BRM adds messages to the AQ database queues.
The Oracle AIA AQ adapter polls the AQ database queues and picks up the messages for processing.
You configure and maintain the BRM AQ database queue details and credentials in Oracle AIA.
Oracle Product Hub to Oracle AIA:
Product Hub communicates asynchronously with Oracle AIA.
Product Hub exposes Advanced Queueing (AQ) database queues to Oracle AIA.
Product Hub adds messages to the AQ database queues.
The Oracle AIA AQ adapter polls the AQ database queues and picks up the messages for processing.
You configure and maintain the Product Hub database queue details and credentials in Oracle AIA.
The following outbound communication points must be managed securely:
Oracle AIA to Siebel CRM:
Oracle AIA communicates synchronously with Siebel CRM in a request-response pattern.
Siebel CRM exposes SOAP web services to Oracle AIA.
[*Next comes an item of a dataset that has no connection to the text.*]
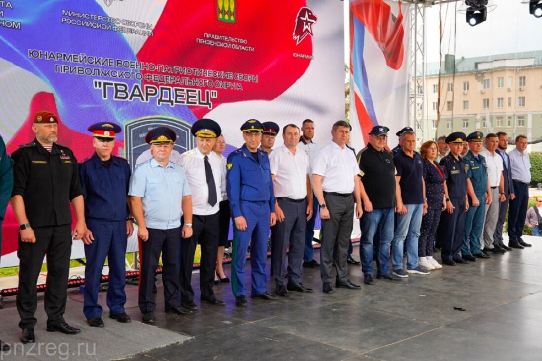 На площади им. Ленина в Пензе состоялось открытие 11-х юнармейских военно-патриотических сборов. В 2025 году «Гвардеец» собрал рекордные за всю историю сборов 18 команд из 360 человек. В Пензу приехали представители 14 регионов ПФО, Донецкой и Луганской Народных Республик, Запорожской области. Впервые участие в сборах принимает команда из Брестской области Республики Беларусь. «Идея пригласить белорусских ребят родилась на «Гвардейце» в прошлом году. Подумали, что будет здорово, если юнармейцы из Пензенской области встретятся со своими сверстниками, которые тоже увлечены спортом и связывают свою судьбу с защитой Отечества», — пояснил губернатор. На церемонию открытия прибыли заместители полномочного представителя президента РФ в ПФО Олег Машковцев и Александр Тихонов, Герои России Расим Баксиков, Александр Белоглазов, Олег Лобунец, Никита Палазник, заместитель командующего Военно-транспортной авиации России Дмитрий Сухоручкин. Также присутствовали представители правоохранительных, зако

Oracle AIA invokes the SOAP web services and receives a response from Siebel CRM.
Siebel CRM web services are protected with user credentials.
You configure encrypted Siebel CRM web service credentials in Oracle AIA configuration files.
Oracle AIA uses Session Pool Manager to get a session token that is associated with the SOAP request.
Oracle AIA releases the session token when it receives a response from Siebel CRM.
Oracle AIA to OSM:
Oracle AIA communicates asynchronously with OSM.
Oracle AIA adds messages to the OSM JMS SAF queues.
The OSM JMS consumers subscribed to the queues pick up the messages for processing.
OSM JMS SAF queues are protected with user credentials created and maintained in WebLogic Server security infrastructure.
Oracle AIA stores the encrypted OSM JMS SAF queue credentials in configuration files.
Oracle AIA to BRM:
Oracle AIA communicates synchronously with BRM in a request-response pattern.
BRM exposes the JCA Resource Adapter to Oracle AIA.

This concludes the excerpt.